I understand that using torch.no_grad has the benefit of saving memory and computation because the network won’t backpropagate gradients to layers before torch.no_grad.

So, is the following statement correct: If I have a network and only want to update the first and last layers, I cannot simply put all the middle layers inside the context manager torch.no_grad. Instead, I should set “requires_grad = False” in all the middle layers. However, due to the chain rule, the gradients in the middle layers still need to be computed in order to compute the gradient of the first layer. Therefore, the conclusion is that I will not save memory or computation when using “requires_grad = False” compared to using torch.no_grad.
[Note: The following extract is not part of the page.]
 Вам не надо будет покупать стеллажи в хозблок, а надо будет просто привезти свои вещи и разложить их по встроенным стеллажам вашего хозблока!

Instead, I should set “requires_grad = False” in all the middle layers.

Yes this is the right approach

However, due to the chain rule, the gradients in the middle layers still need to be computed in order to compute the gradient of the first layer.
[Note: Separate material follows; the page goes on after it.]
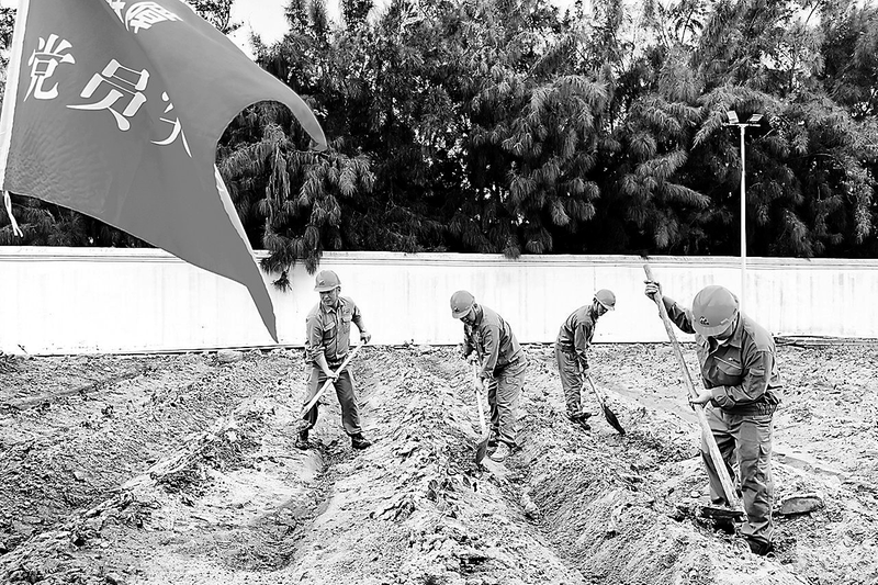 近日,福海創(chuàng)公司海邊倒班宿舍旁的閑置沙地?zé)ㄐ骂仯摴揪C合第二黨支部后勤保障黨員突擊隊(duì)在此種下2400余株地瓜苗,讓1200平方米沙地重獲生機(jī)。接下來,突擊隊(duì)將定期照料地瓜苗,通過種植地瓜盤活土地、綠化環(huán)境,更給員工生活添份期待。 (蔡春苗 攝)

Correct, but not entirely. You will still need to compute gradients wrt the inputs so that the gradients flow to lower layers, but you won’t need to compute gradients wrt all the parameters that you’ve set requires_grad=False to, and that saves computation.

You will also save memory as a result of this. Because depending on which inputs you need to compute gradients, that will change which inputs you will need to save for backward. For example, if I have z = x * y. if I only care about dz/dy, I’d only need to save x.